With their unique cultural customs and relatively similar environmental exposures, a well-defined, genetically closed population structure, and extensive genealogical records, the OOA provide an ideal context in which to study the genetic contributions to breast density. Of particular relevance to studying breast density, the OOA population is characterized by a very low prevalence of exogenous hormone use, including oral contraceptives and HRT, and high parity. Still, our results suggest that breast density varies widely in the OOA population, with values that are comparable to other highly parous populations. For example, in a sample of 294 Hispanic women (2/3 of whom were post-menopausal and 3/4 of whom reported 3 or more live births), Lopez et al.(28
) reported an overall mean of 17.7% for percent breast density, with a range of 1.9–54.6%. Similarly, in our sample of women (~2/3 of whom were also post-menopausal and 3/4 of whom reported 5 or more live births), the mean and range of percent breast density were 15.8% and 1.4–59%, respectively.
To our knowledge, our study is the first non-twin study to estimate the genetic contributions to the dense and non-dense areas of the breast, and the first study to examine the contribution of genetic factors to the correlation between breast density and other breast cancer risk factors. We found that both the dense and non-dense areas of the breast were significantly heritable in our sample, with 33% and 68% of the total variance, respectively, attributable to additive genetic effects. Although these estimates are consistent with the significant genetic influences reported by Stone et al.(13
), comparisons of heritability are always ill-advised. For example, with respect to the environmental factors that impact breast density, the women in this sample likely share relatively similar environments. Thus, all one can infer from a relatively higher (or lower) estimate of heritability is that there is less (or more) environmental variation relative to the genetic variation in this sample. We note that screening and adjusting for other significant covariates (in addition to age and menopausal status) did not meaningfully alter our estimates of the heritability of absolute breast density. In fact, age at menarche and number of live births were the only other covariates significantly correlated with log-transformed dense area, and together they explained no more than an additional 8% of the variation in this trait.
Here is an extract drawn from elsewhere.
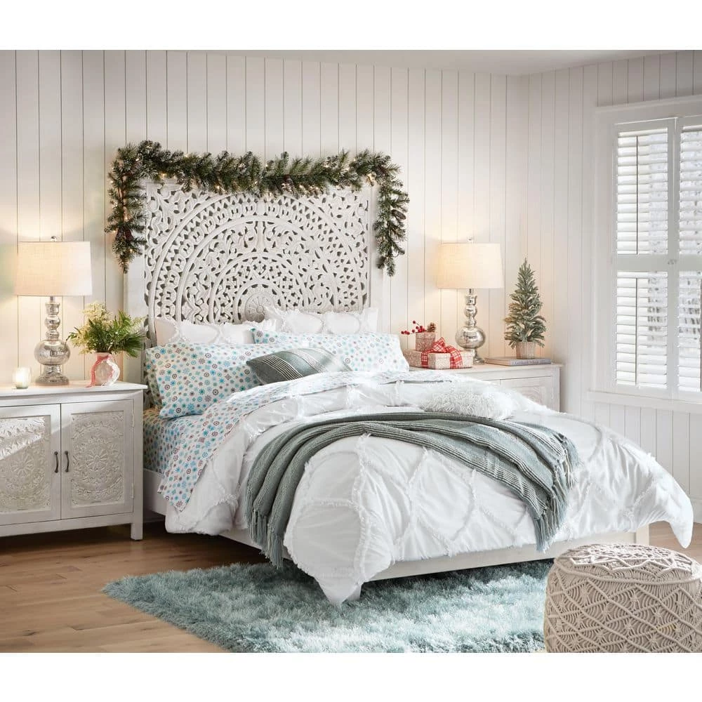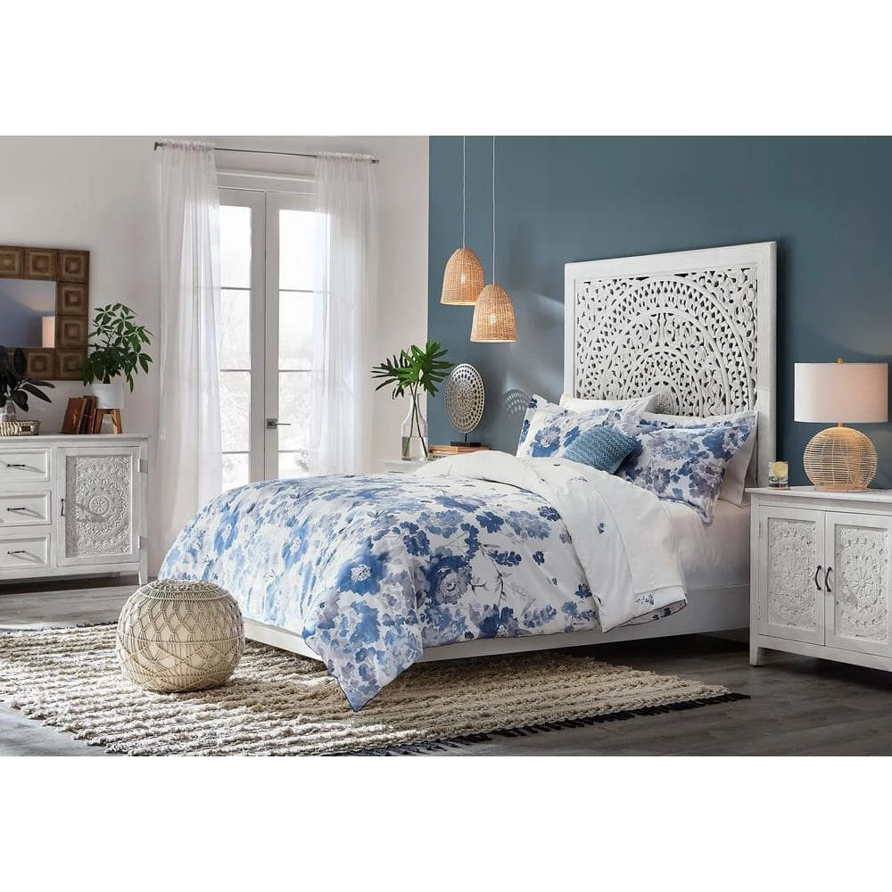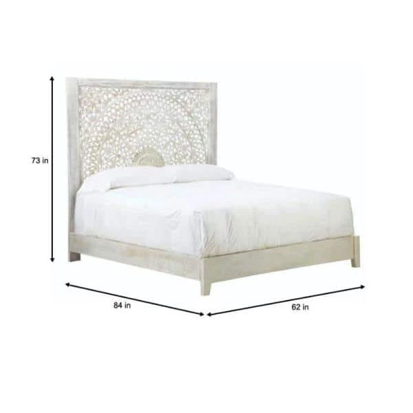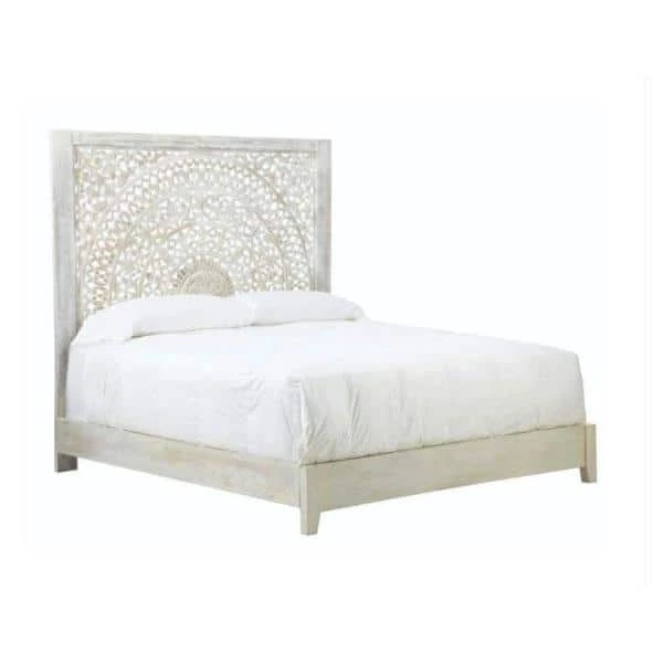 Our Chennai Bed’s elaborately carved headboard makes it the ultimate focal point for your bedroom. This beautiful platform bed is crafted of mango wood in a whitewash finish, adding a touch of cottage style to the world-beat design. Pair this wooden bed with a solid-colored bedspread so as not to distract from the elaborate medallion motif.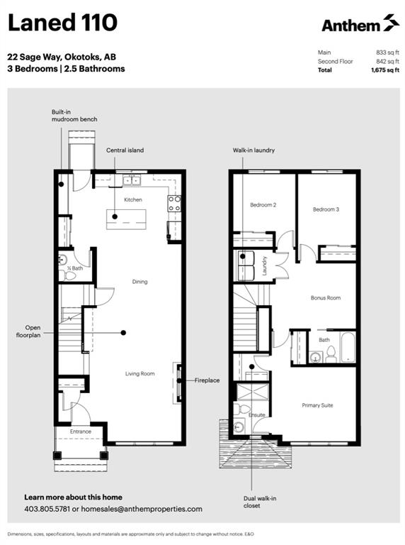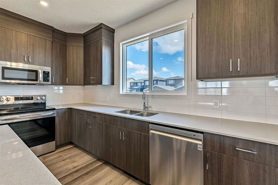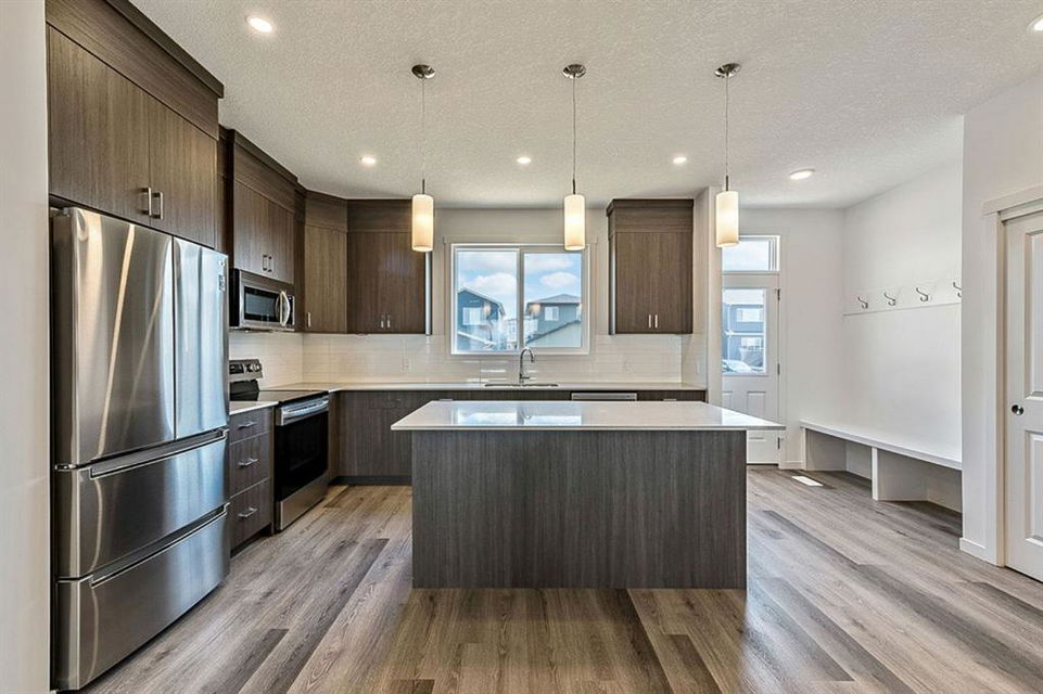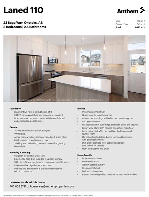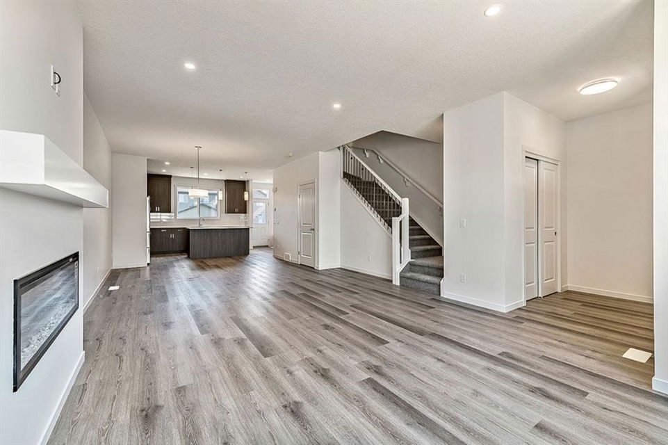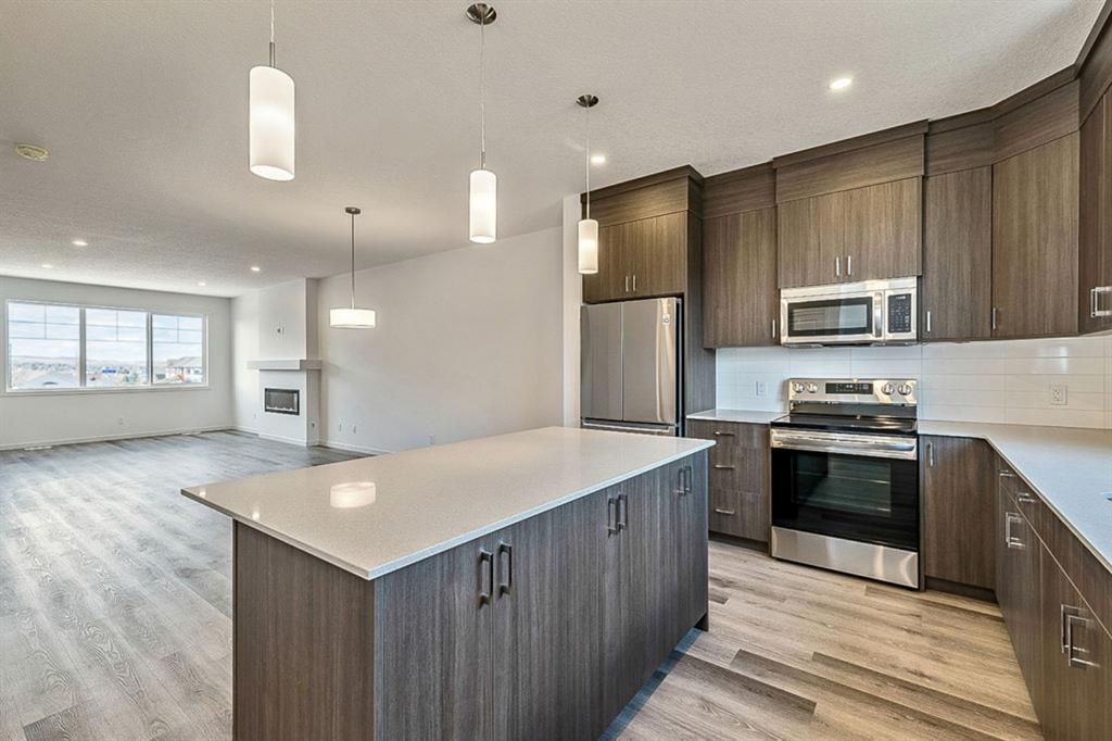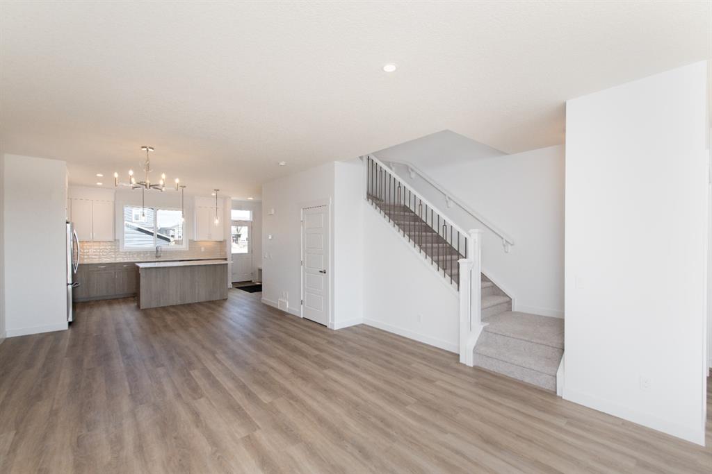 BRAND NEW single family Anthem home under $540K & ready for quick possession in the beautiful community of D’Arcy Ranch, just minutes from local shops, schools, golf courses, restaurants, river paths and gorgeous open spaces, and just 12 minutes south of Calgary! HOME is beautifully finished with 9′ main floor ceiling, large windows, luxury vinyl plank flooring, soft-close cabinetry (40? uppers with riser to ceiling) and quartz countertops throughout. LAYOUT IS SUPERB … MAIN FLOOR features spacious open-concept design with living room & gorgeous fire place, dining room and large kitchen with LG Stainless Steel appliances & oversized island, plus rear hall with built-in mudroom bench. UPPER FLOOR features primary suite with walk-in closet and ensuite bath, two more bedrooms, full bathroom, upstairs walk-in laundry room with LG front load washer & dryer, PLUS a loft/bonus room area. BASEMENT is spacious and offers plenty of optionality for future development with an additional SIDE ENTRANCE (ideal especially for those who are looking to have a home-based business or have extended family living with them). NOTE: photos are of a different home with the identical layout and slightly different cabinet colours. New photos will be uploaded on Saturday.

After including all four covariates in our model, the heritability of the dense area of the breast was 36% (versus 39% with adjustment for age and menopausal status only).
We also found that other breast cancer risk factors were significantly heritable and that some of their associations with breast density were due to an underlying structure of shared genetic (and environmental) effects. Particularly noteworthy is our finding that breast density and live birth number are genetically correlated. It has been commonly hypothesized that the inverse association between these two traits is due to a decrease in the proliferative activity of the parous epithelium, and in turn, that the subsequent decreased risk of breast cancer is due to the differentiation (during pregnancy) of lobular type 1 to 4 cells, which are assumed to be less susceptible to malignant transformation. Our results are consistent with this hypothesis and suggest that a significant component of this association may be due to genetic factors that influence breast density and live birth number (or fertility) in opposite directions. Because the OOA discourage the use of contraceptives and share a relatively uniform socio-cultural and -economic background, we were in a unique position to study this relationship. Of note, our finding of a significant genetic component to fertility is also consistent with a recent report by Pluzhnikov et al.(29
), who studied both components of reproductive fitness (fertility and mortality) in the Hutterites and found significant familial correlations in family size. At present, however, the genes that influence fertility in human populations are unknown, partly owing to the difficulty of controlling for the influence of non-genetic factors. Our results suggest it may be ill advised to adjust for live birth number in the genetic analysis of breast density given the strong genetic correlation between them.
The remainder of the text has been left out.